The core of this molecule—its fused thienopyridine structure—brings an edge in synthetic flexibility. You find it at the heart of research on therapeutic intermediates, especially where cyclization and nitrogen functionality play a role in next-step derivatizations. Compared with more open or less constrained pyridine analogs, this scaffold delivers a distinct balance of reactivity and stability. This is not a mild-mannered base chemical, nor is it so reactive as to cause problems in routine storage and transport—a rare combination in our experience.
From pilot runs to full tonnage, we’ve watched customer projects demand consistent output: no surprise off-colors, no inconsistent melting points, no drifting impurity profiles. Our batches demonstrate tight adherence to specified appearance and purity values. Real traceability comes from in-plant analytics by technicians who work with these methods daily, not by automated batch certificate spitting. We built our current QC approach because repeated feedback from customers showed us how small surface changes can disrupt downstream work, whether in medicinal chemistry research or as a feedstock for specialty syntheses.
4,5,6,7-tetrahydro-thieno[3,2-c]pyridine hydrochloride, as handled in our plant, meets direct lab applicability standards. We do not hedge on consistent salt formation or particle size—minor variations invite bottlenecks. Unlike free base forms, which sometimes present volatility or handling problems, this hydrochloride format keeps the material stable during both short- and longer-term storage. Customers sometimes ask what differentiates our batches from those sourced through traders or narrow-batch compounders. Decade-long feedback has shown that true batch consistency, informed by daily production adjustments, brings a significant difference in overall yield and process predictability.
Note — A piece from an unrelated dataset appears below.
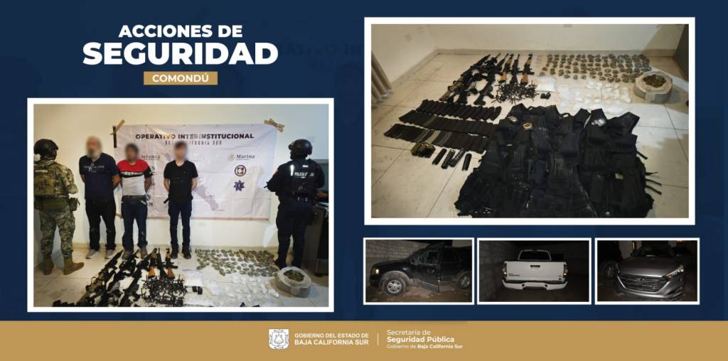 La acción se llevó a cabo en Ciudad Constitución, derivado de un reporte recibido a través del número de emergencias 911, en el que se alertaba de disparos con arma de fuego, por lo que se activó el código rojo y durante el mismo se visualizó a una persona armada, iniciando el protocolo correspondiente que tuvo como resultado, el aseguramiento de 03 personas del sexo masculino, 09 armas de fuego calibre 7.62 y 5.56 mm., 14 cargadores calibre 7.62 mm. y 34 cargadores calibre 5.56 mm.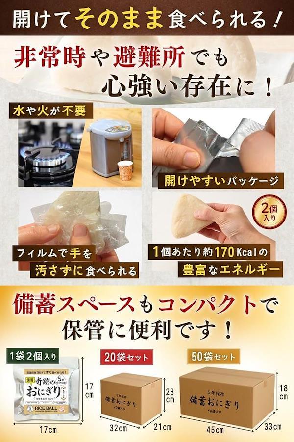 おにぎり1個あたり約170Kcalの豊富なエネルギーで、開封後そのまま食べられるため、備蓄食料として最適です。

Industry demand for this chemical usually focuses on high-purity, unambiguous identity, and reliable performance in rigorous synthetic protocols. The hydrochloride salt form brings more process flexibility because it resists air moisture uptake and doesn’t decompose under ambient handling. We keep specifications grounded in achievable, verifiable numbers—purity routinely exceeds established process requirements, and lot variances are tracked on a batch-by-batch basis rather than relying on external audits alone. Quality assurance runs in parallel with regular process optimization—sometimes batch time shrinks, sometimes output grows, but the key remains consistency, not just single-point achievement.
In our experience as a producer, timelines rarely show flexibility; they shrink rather than expand. Planning and building inventory, without overshooting the sensitive shelf life, comes only with practical forecasting and transparent coordination between operations teams and longtime buyers. Each order represents not simply a commodity movement but a demand for batch clarity, swift transit, and the avoidance of paperwork snags. Our logistics partners have honed shipment practices with us through cycles of demand surges and regulatory changes. The feedback from being the primary source filters into process improvements, tighter packaging routines, and extra shipment checks.
One pattern repeating over the years: engagement with pharmaceutical and advanced chemical researchers drives the shift in product quality standards. Details once considered optional, such as full impurity profiling or stability under various lighting conditions, have become consistent parts of our batch documentation. Questions from customer R&D scientists help us recalibrate our process and paperwork, especially as complex syntheses emerge. Frequently, process feedback arrives directly from researchers running late-stage validation or custom molecule preparation. This transparency goes both ways—the knowledge shared from repeated use comes back into our next production campaign.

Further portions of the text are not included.